Climate Change Is Killing Polar Bears In The Canadian Tundra [PHOTOS]
Steven Amstrup spent 30 years studying polar bears in Alaska. His research is what put polar bears on the threatened species list.
Amstrup is now working with Polar Bears International in Manitoba, Canada to communicate the threat climate change poses to the polar bear population.
"I left a research career because I already knew the answer," Amstrup said. "Its now more important to inspire people to save them."
Amstrup now travels to the tundra on the west side of Hudson Bay during the fall, where he shoots live webcasts with other scientists and experts on climate change and its relationship to polar bears. He also gets some amazing pictures of the bears.
You can see some of the polar bears from this live webcam set up by the Tundra Buggy company.

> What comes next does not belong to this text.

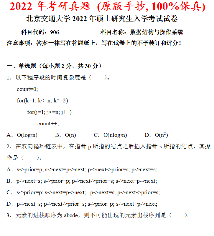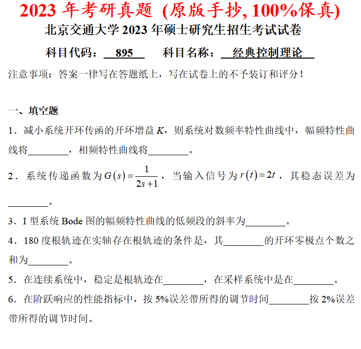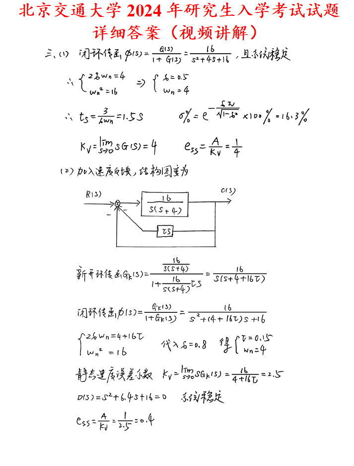 北京交通大学801自动控制综合考研真题答案北交大863自动控制原理数据结构

To start the journey to the tundra, Amstrup first travels to Churchill, Manitoba: the northernmost town in the area. Most people have to fly in because it's so remote. From Churchill it's only about a 5-mile trip out into the tundra, but getting there isn't easy.

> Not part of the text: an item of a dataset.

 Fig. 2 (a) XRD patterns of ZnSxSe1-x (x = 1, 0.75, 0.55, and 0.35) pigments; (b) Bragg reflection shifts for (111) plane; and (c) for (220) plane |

The tundra is a very harsh environment. It has a layer of permanently frozen ground and the growing season is only about 60 days. Temperatures average around negative 25 degrees during the winter. It's the perfect place for polar bears because under their skin they have a layer of fat about 4.5 inches thick that keeps them warm.

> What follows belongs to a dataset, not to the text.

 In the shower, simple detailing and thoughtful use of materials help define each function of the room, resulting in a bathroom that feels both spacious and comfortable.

To get to this frozen environment that polar bears thrive in, you need a Tundra Buggy. A van swings through Churchill to pick up Amstrup, his team, and any visitors on the way to the Tundra Buggy launch port.
When out on the ice, the buggies move very slowly and have to stick to pre-existing trails that weave around obstacles. The Tundra Buggies are tall to keep the crew out of reach of the polar bears. "Not very far out of reach, but far enough," Amstrup said.
The polar bears actually get pretty close to the buggies. They also see other inhabitants of the Tundra: caribou, arctic hares, and wolves.
The polar bear population in Churchill is one of 19 polar bear populations around the world. According to Polar Bears International, there's been a 22% decline in the Churchill population since the 1980s.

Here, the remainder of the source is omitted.